When I peered down at the food, it looked disheveled, just like my life. I thought about the letter that Lucy had written me. She was now living in Florida. She told me I could go there if I couldn’t get ahold of my aunt. I pulled the crinkled letter from my pocket. I’ve read this letter more than a hundred times, but I kept reading it. It gave me hope for my life. Maybe my life would mean something. I opened the letter and saw it was indeed addressed to me.

Dear Misty,

My love, the world is a grey place. The illusion that everything is black and white is truly a façade. When I first left, I was so scared and lonely. I didn’t have anywhere to go. Then, I remembered you told me about your aunt in Florida, so I headed east. I am here now and it is beautiful and peaceful. There is hope for a new life. I have met the love of my life and working towards a future I never thought I would have. You know where I come from, and I never imagined I deserved more. But we do, Misty, we do. Please come to me when you get out. I will help you, and you will see there is more to life than what we have lived. Keep your head up kiddo. We are not doomed to the fate that we thought we were. We are the masters of our destiny. Keep faith that God will see you through to your true path in life. My email and address are attached. Please feel free to write me back. I am here for you, Misty. You are not alone.

Love,

Lucy

The letter impacted me when I received it a month ago. I folded the letter and stuck it back into my pocket. I dipped two fries in ketchup and shoved them into my mouth. The taste of them was salty, old, and cold. I couldn’t complain because I wasn’t paying, and it was something to eat. I finished half the meal and asked for a box to take the remainder to eat later. The waitress brought the box, and she still had an attitude. I thanked her nicely and asked where the nearest payphone was. I knew in this day and age everyone had a cell phone, but I had no job. I couldn’t afford it. I thought that I might take Lucy up on her offer if I couldn’t get a hold of my aunt. May pointed over to the corner of the diner and I headed that way.

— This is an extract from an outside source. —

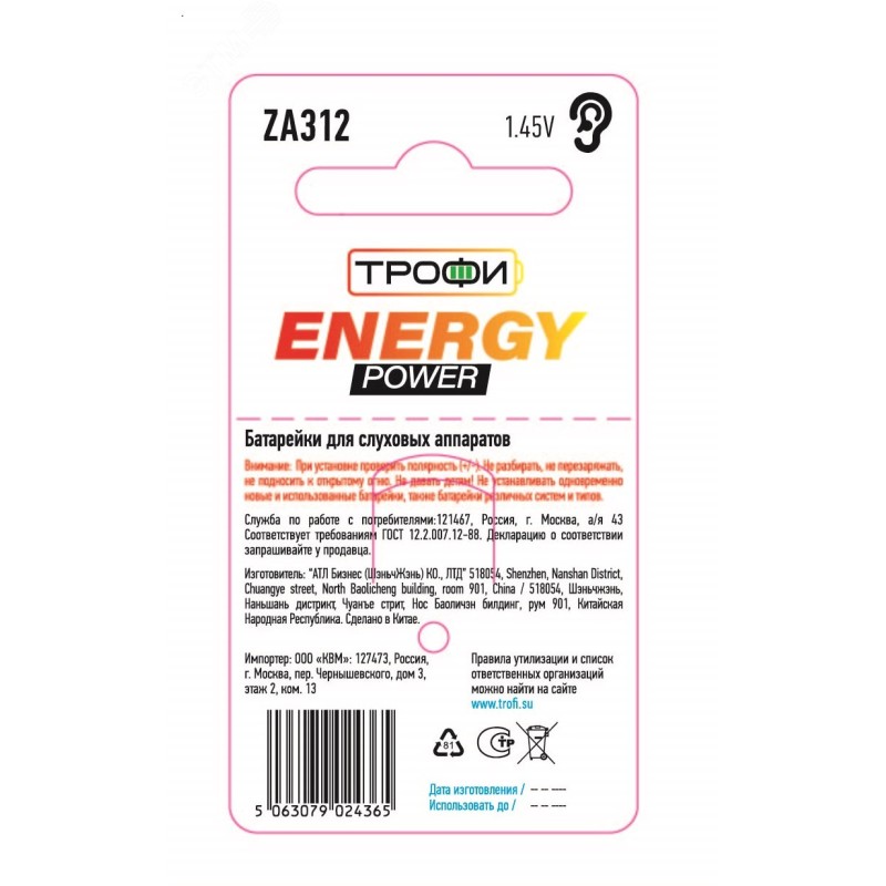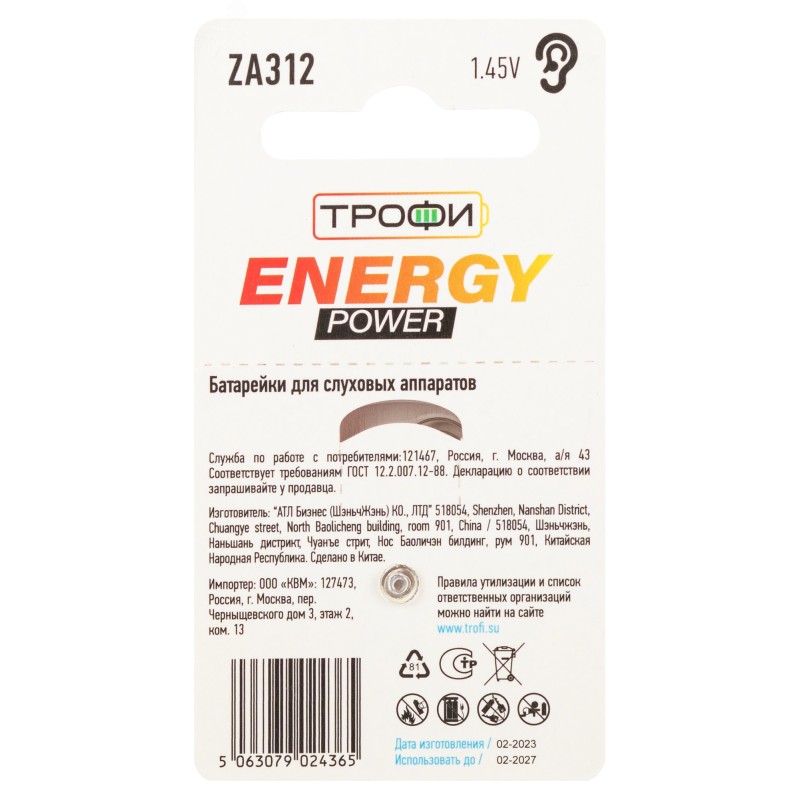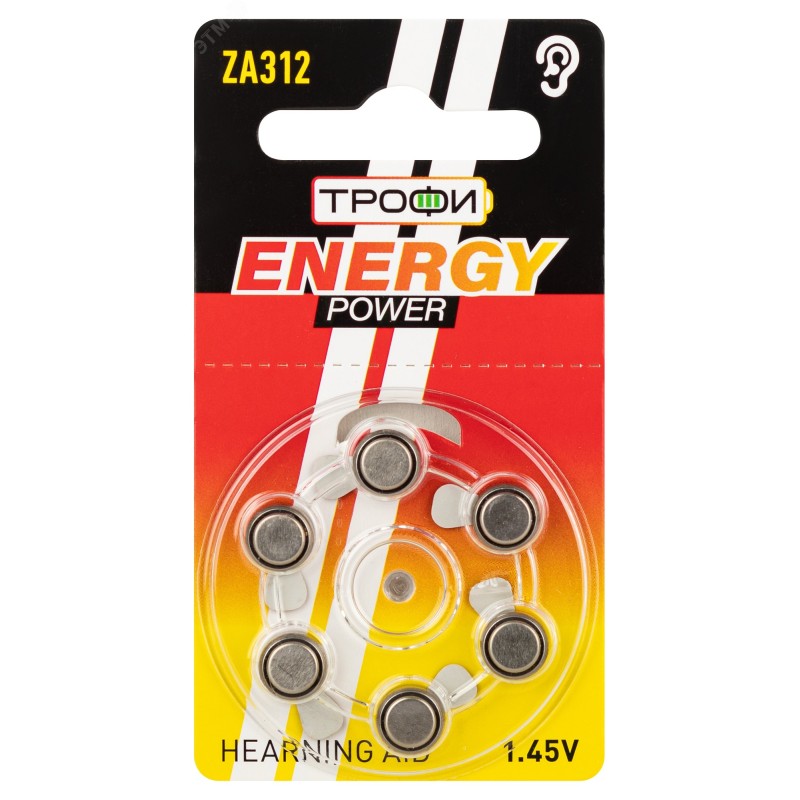 Элемент питания ZA312-6BL ENERGY POWER Hearing Aid Трофи

I pulled a napkin from my pocket and wiped the receiver of the phone off before dialing the number collect. While waiting for the phone to connect, I saw the hottest guy walk through the door.  He had dark brown hair and piercing blue eyes that locked on me when he entered. I blushed immediately and turned away to face the phone. I forgot what I was doing. I heard a “Hello” come from the receiver.

“Hello, Aunt Silvia? It’s Misty.” I was trying to not sound panicked. I hadn’t seen Aunt Silvia since my parents passed away. She said at the time she couldn’t afford to take any kids into her home. I knew it pained her. She was the kindest woman and was a couple years older than my mother. My father was an only child and his parents had died when I was five. I didn’t really remember them.

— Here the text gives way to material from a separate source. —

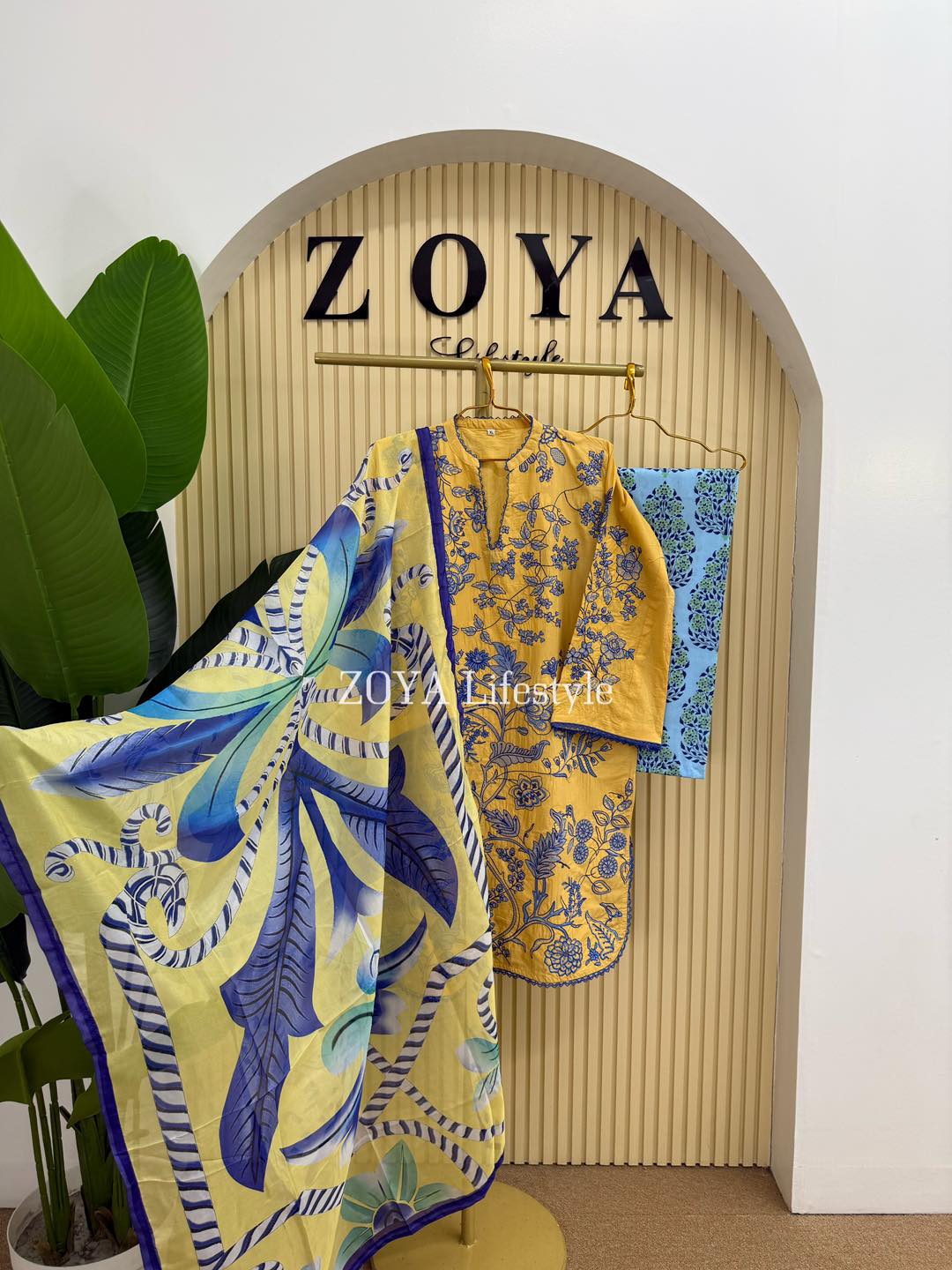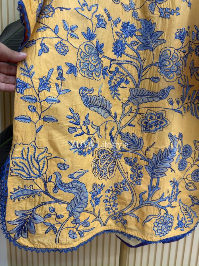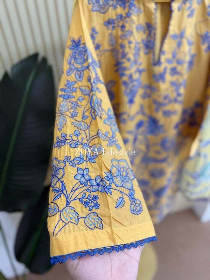 Material: Cotton kamiz with embroidery work on full body. Pant Cotton silk printed. Premium silk printed dupatta.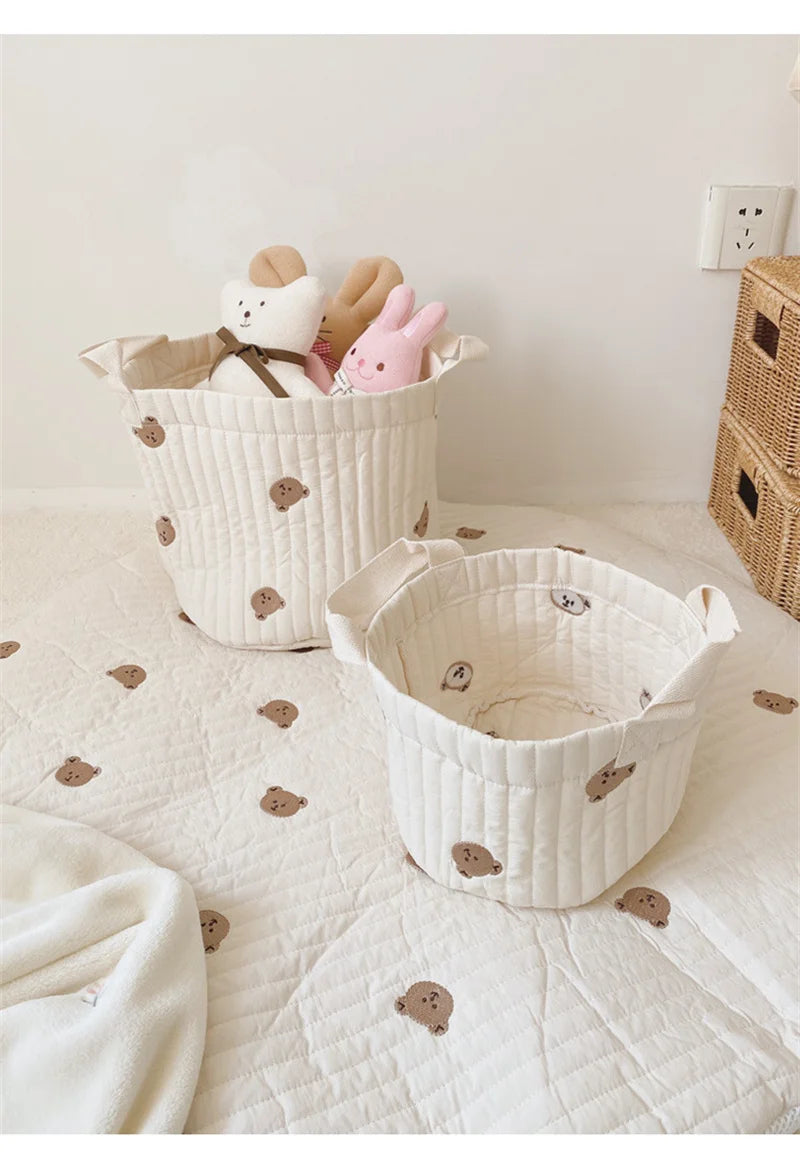 Paniers de rangement en coton brodé pour jouets, vêtements et accessoires

“Misty, is that really you? I have been trying to find you. I haven’t had any luck.” She sounded so bad that she left me to fend for myself. I didn’t know whether to believe her. I had been in the same place for the past six years.

“Yes, it’s me. Listen! I have aged out of the state system, and I need a place to stay until I land on my feet. I can get a job and help with bills. I have no one else to turn to and I’m really scared.” I heard my aunt start to sniffle.

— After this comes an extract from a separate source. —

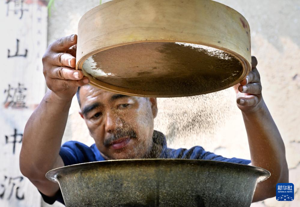 张书芳在准备进行筛粉步骤的工具(7月3日摄)。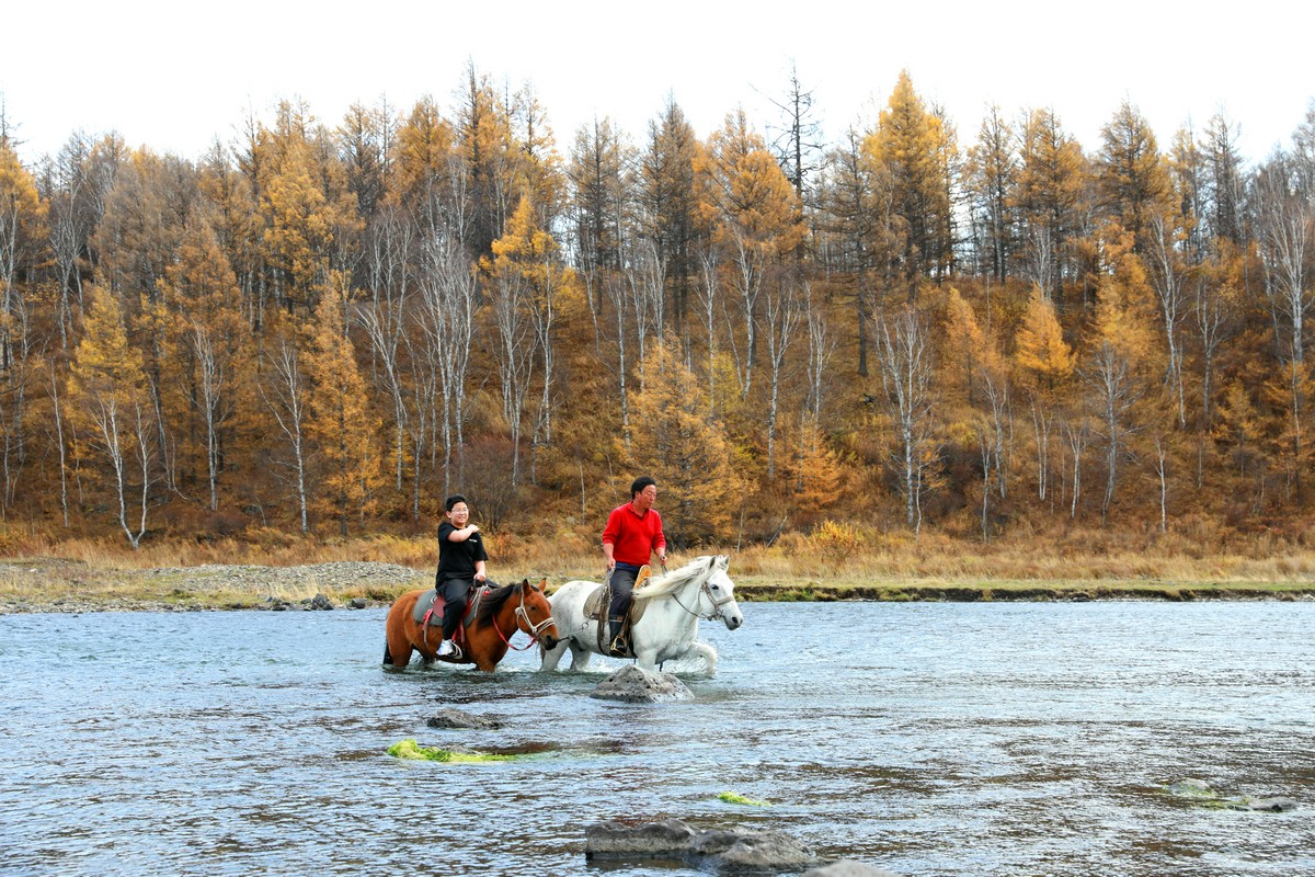 9月29日,游客在內(nèi)蒙古阿爾山國家森林公園不凍河邊體驗(yàn)騎馬 北疆新聞?dòng)浾?張楊攝影

“Of course you can come and stay. I should have never let you go into the system. I am so sorry,” she sobbed.

“It’s ok, Aunt Silvia. Let’s put it behind us and move forward. I can be there in a day or two. May I have your address?”

“I’m so sorry. Do you need money? I can wire you some.” I looked around me. There was no place to pick up money.

“No, I’m ok. I just need the address and I will see you in a couple of days.” She gave me the address and we said our goodbyes. I hung the phone up and laid my head on the receiver. I had no idea how I was going to get to her. I grabbed a bottle of water out of the cooler. I put it up on the counter and took out the money to pay.